+++ SUPPLIED INFORMATION
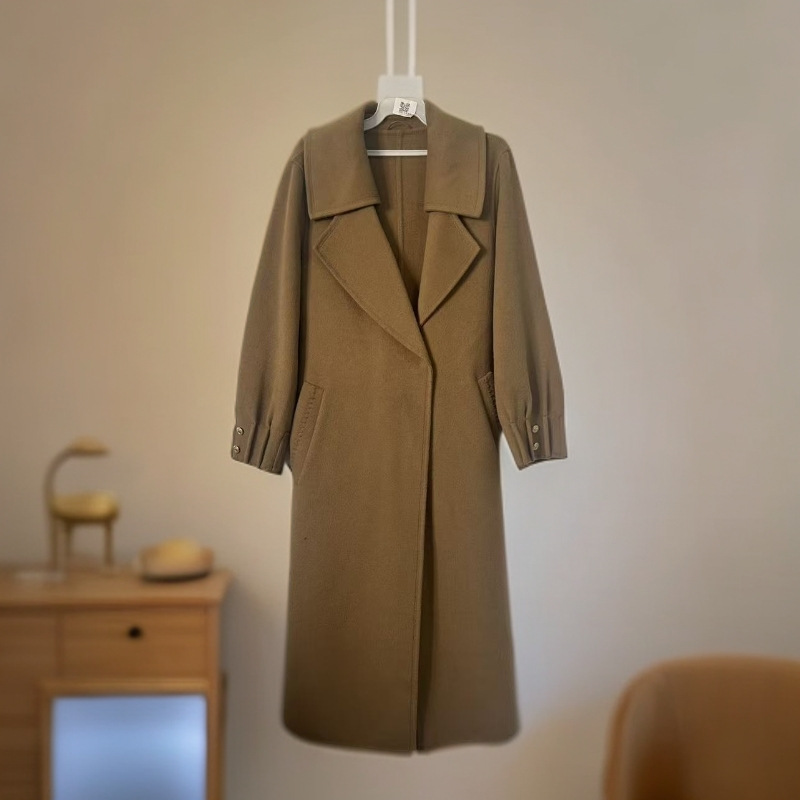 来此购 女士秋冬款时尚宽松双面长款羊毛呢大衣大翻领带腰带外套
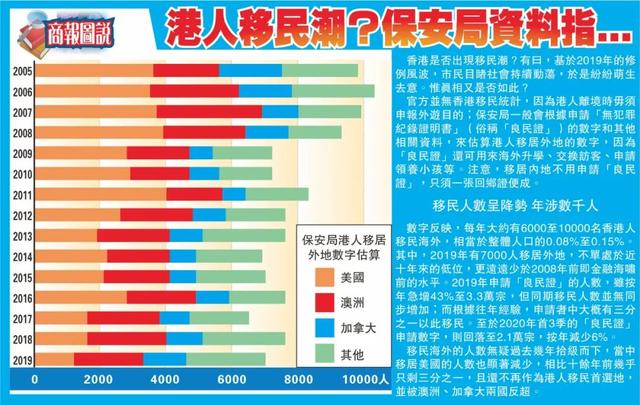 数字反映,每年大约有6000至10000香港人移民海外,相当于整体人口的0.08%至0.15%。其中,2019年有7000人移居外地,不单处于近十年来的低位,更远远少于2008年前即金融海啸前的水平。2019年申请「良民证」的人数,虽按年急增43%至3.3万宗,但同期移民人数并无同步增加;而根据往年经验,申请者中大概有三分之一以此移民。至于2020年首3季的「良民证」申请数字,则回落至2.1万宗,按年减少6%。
++++++
+++ SUPPLIED INFORMATION
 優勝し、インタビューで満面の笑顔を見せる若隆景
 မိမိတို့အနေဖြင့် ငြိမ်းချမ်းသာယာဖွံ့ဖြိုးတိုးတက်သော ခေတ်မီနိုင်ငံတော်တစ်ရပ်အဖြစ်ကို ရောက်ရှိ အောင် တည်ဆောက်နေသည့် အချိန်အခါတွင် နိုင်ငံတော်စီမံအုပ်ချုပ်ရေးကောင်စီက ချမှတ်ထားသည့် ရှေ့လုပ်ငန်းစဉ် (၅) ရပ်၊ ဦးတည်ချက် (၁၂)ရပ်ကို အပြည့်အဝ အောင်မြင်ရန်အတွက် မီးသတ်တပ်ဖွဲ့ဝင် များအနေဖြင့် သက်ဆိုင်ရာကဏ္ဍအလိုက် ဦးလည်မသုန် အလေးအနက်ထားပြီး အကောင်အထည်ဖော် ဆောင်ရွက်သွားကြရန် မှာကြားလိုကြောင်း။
++++++
+++ SUPPLIED INFORMATION
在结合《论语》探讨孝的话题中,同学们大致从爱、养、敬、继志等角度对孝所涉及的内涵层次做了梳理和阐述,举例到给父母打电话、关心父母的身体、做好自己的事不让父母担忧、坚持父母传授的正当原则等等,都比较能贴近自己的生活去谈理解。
++++++
EXERCISE DIRECTIONS: From the material above, retype precisely the lines between the line holding "優勝し、インタビューで満面の笑顔を見せる若隆景" and the line holding "အကောင်အထည်ဖော် ဆောင်ရွက်သွားကြရန် မှာကြားလိုကြောင်း။", inclusive, and nothing beyond them.

RESPONSE TO THE EXERCISE:
 優勝し、インタビューで満面の笑顔を見せる若隆景
 မိမိတို့အနေဖြင့် ငြိမ်းချမ်းသာယာဖွံ့ဖြိုးတိုးတက်သော ခေတ်မီနိုင်ငံတော်တစ်ရပ်အဖြစ်ကို ရောက်ရှိ အောင် တည်ဆောက်နေသည့် အချိန်အခါတွင် နိုင်ငံတော်စီမံအုပ်ချုပ်ရေးကောင်စီက ချမှတ်ထားသည့် ရှေ့လုပ်ငန်းစဉ် (၅) ရပ်၊ ဦးတည်ချက် (၁၂)ရပ်ကို အပြည့်အဝ အောင်မြင်ရန်အတွက် မီးသတ်တပ်ဖွဲ့ဝင် များအနေဖြင့် သက်ဆိုင်ရာကဏ္ဍအလိုက် ဦးလည်မသုန် အလေးအနက်ထားပြီး အကောင်အထည်ဖော် ဆောင်ရွက်သွားကြရန် မှာကြားလိုကြောင်း။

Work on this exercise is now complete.